To describe the Klingon-human engineer as disgruntled would have been a gross understatement.

So, at 0923 hours, _Voyager_'s chief engineer had collapsed, exhausted, in her quarters, asleep before her head hit the pillow. When she finally awoke twelve hours later, B'Elanna had treated herself to a lengthy sonic shower and a replicated dinner. Then, in a somewhat better mood, she'd pulled out her duplicate's last surviving log entry and set to work.

That's when she saw them.

_Sticks and stones may break my bones, but words will never harm me_—that's how the old Terran children's rhyme went, if B'Elanna's memory served her correctly. Over the years, despite invoking the words many times herself, both mentally and verbally, B'Elanna had found them to be utterly false.

Especially now.

_How did I get here?_

At last, B'Elanna's mind cleared, leaving her free to think, to analyze. No, that wasn't right. To feel. To _fear_.

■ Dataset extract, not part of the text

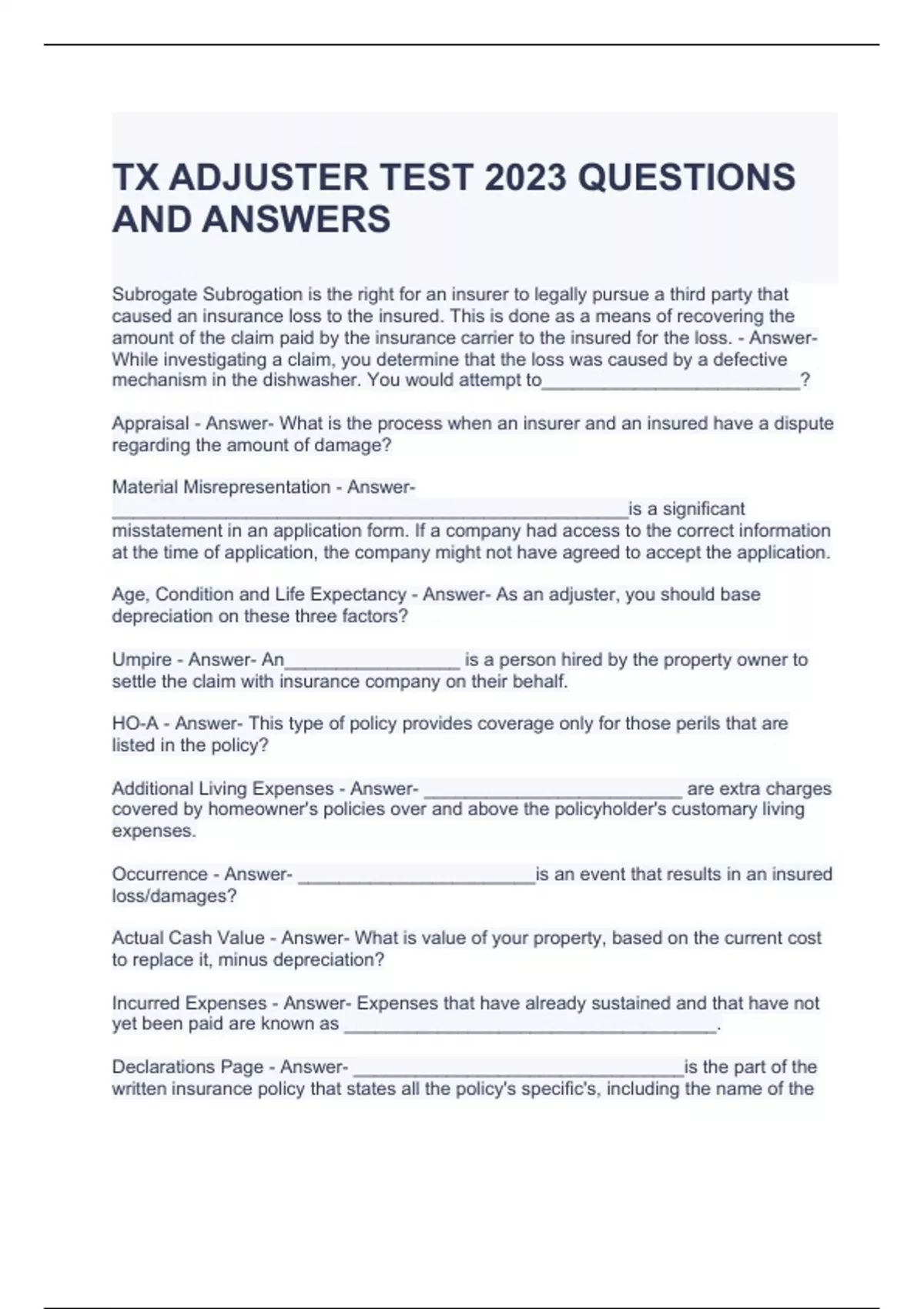 TX ADJUSTER TEST 2023 QUESTIONS AND ANSWERS 2 Exam (elaborations) TEXAS Insurance Adjusting Needed Questions and Answers Graded A 3 Exam (elaborations) Texas Insurance Adjuster Glossary Exam 4 Exam (elaborations) Texas All-Lines Adjuster Self-Study Terms for 360 Training test (possible) 5 Exam (elaborations) Texas All-Lines Adjuster Pre-Licensi

Because these words terrified her.

She read them again.

—_proposed two mo[nths]—I was overwh[elmed.] He asked me if—would be [wi]lling to—vows. —must confess,—stiff at—baring my heart in [fro]nt of—people. B[ut] I love him, so—_ (large gap) _When I got past—[enco]untered another dile[mma]: How to— _(large gap)? _—been so hard to—he means to me—words. But—came up with this: "You stood by me when—run for the [n]earest airlock. You [were] willing—past my shortcomings, and take all the—bruises that—with it. You made me a better per[son]—_ (large gap) _—forward to our journey together." —[k]now that's hard[ly] adequate— _(large gap) _Wish—say "I love you, Tom" and—with it. Beca[use] I do, and that's— _(::END)

Proposed. Vows. Together. I love you. Tom.

_I married Tom? _No, no, that wasn't right. _My _duplicate_ married Tom. Tom's duplicate. _

Where had this come from? She'd seen no mention of Tom's proposal in the forty-six entries before. So why was it cropping up just now, with her marriage vows?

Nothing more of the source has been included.